As Sun started appearing, everything became more magnificent. We were so lucky to have clear sky that morning. We also got a bonus – Mount Rinjani was seen at the background! I wonder if this meant Rinjani will be my next hiking destination.

When we were done with the view and it started to get hot, we moved to the crater. It was a bit lower than the summit, and it took us around 30 minutes to reach there. There was actually nothing spectacular – just a monument as well as (much) clearer view of the crater and much closer look to the black patch at the south of the mountain as the result of the eruption. Oh well, there were also a lot of monkeys; fortunately they were shy, compared to naughty monkeys at Uluwatu or other places.

The mission was almost completed, and we were left with descending the mountain. In the beginning there was thick layer of small stones, making it easy to go down. That made me sliding peacefully like how I did mandi bola when I was a kid (what’s the English word for that? That is something like this https://cahpct.files.wordpress.com/2013/12/img_10131.jpg).

The bad thing was, I did not know that as we got lower the stone got even smaller and it became more slippery. I started slipping a few times, but before falling I managed to stop myself. Unfortunately, after that the careless level of me increased exponentially. I did not go down with right technique. I totally forgot that I also fell a few times when descending at Arcopodo (Semeru). Also at that point, I started realizing how wrong I was to wear running shoes (and I left my hiking shoes in Jakarta) because it did not give me enough grip. I fell spectacularly a few times, and the last one was massive – I tore my pants in addition to some wounds. Facepalm.

Since the others were concerned if I experienced tremor after that fall, we took a rest until my feet were stable enough. In the middle of sunlight. Woah. I felt quite embarrassed, but there was nothing I could do.

Long story short, we finally continued descending. I became extremely careful, walking so slow until I got the confidence. But in that way, I could get myself familiar with the right technique. Some foreigners passed by and most of them noticed the huge torn on my pants (it was on my calf), and it was mostly East Asians who gave me a strange look (but hey, IDGAF). Finally we reached the starting point at 9 AM, and the car suddenly felt so luxurious for us.

At this point, I gave my cousin some money to be given to the guide. With addition from him, it became IDR 250K (including banana and coffee that he prepared for us). He gave it to the guide because well, Balinese language power.

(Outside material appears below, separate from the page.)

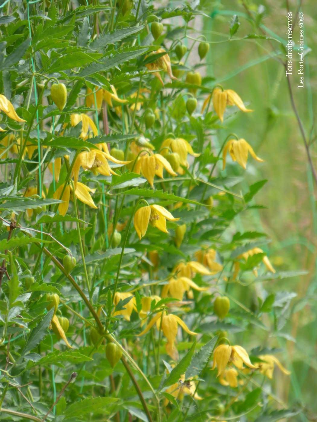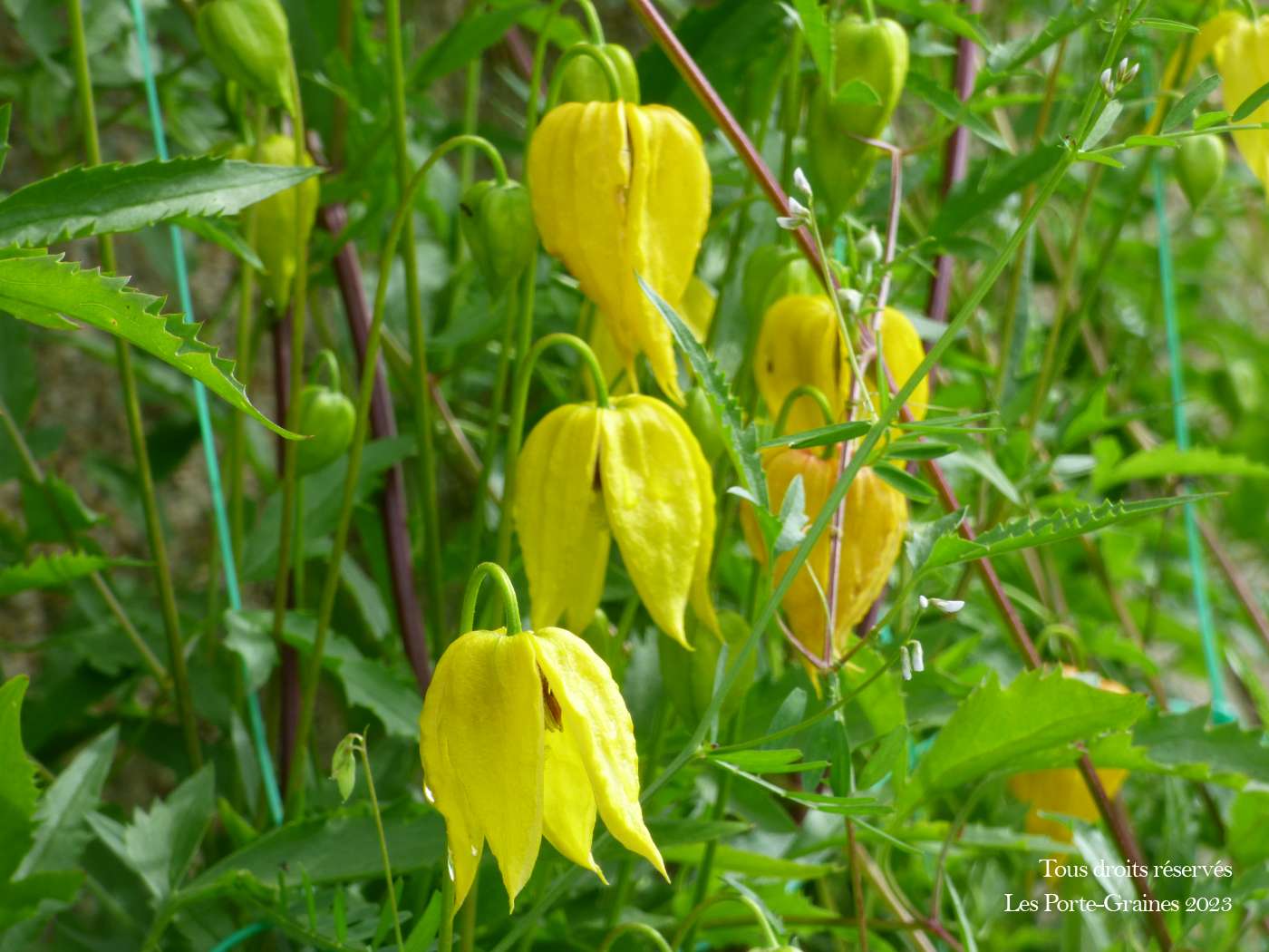 La Clematis tangutica est une Clématite botanique très facile à réussir à partir du semis, elle offre une abondante floraison jaune très originale en forme de petites cloches duveteuses et délicates. Jolie grainaison en fin de saison.

We then left the starting point, but in the middle the guide approached us with his motorbike and told us that it was not enough, and he asked for more. Err, we thought, so we gave him another 50K and luckily it was enough.


Mount Batur is easily a good choice for tourist who wants to explore other options Bali has to offer besides overpriced resorts and restaurants in Kuta while experiencing the beauty of nature. Ironically, the guides association made it overpriced as well for the foreigners, not to mention their rude attitudes if foreigners reject them. The price is not worth it for such a short hike.

If you don’t mind paying a bit for a service that you won’t actually need, Mount Batur should be on your list. You still have to be careful though, no matter how easy a trek can be, if you underestimate it you can experience something like me.

And I promise myself, I will never use running shoes for hiking anymore.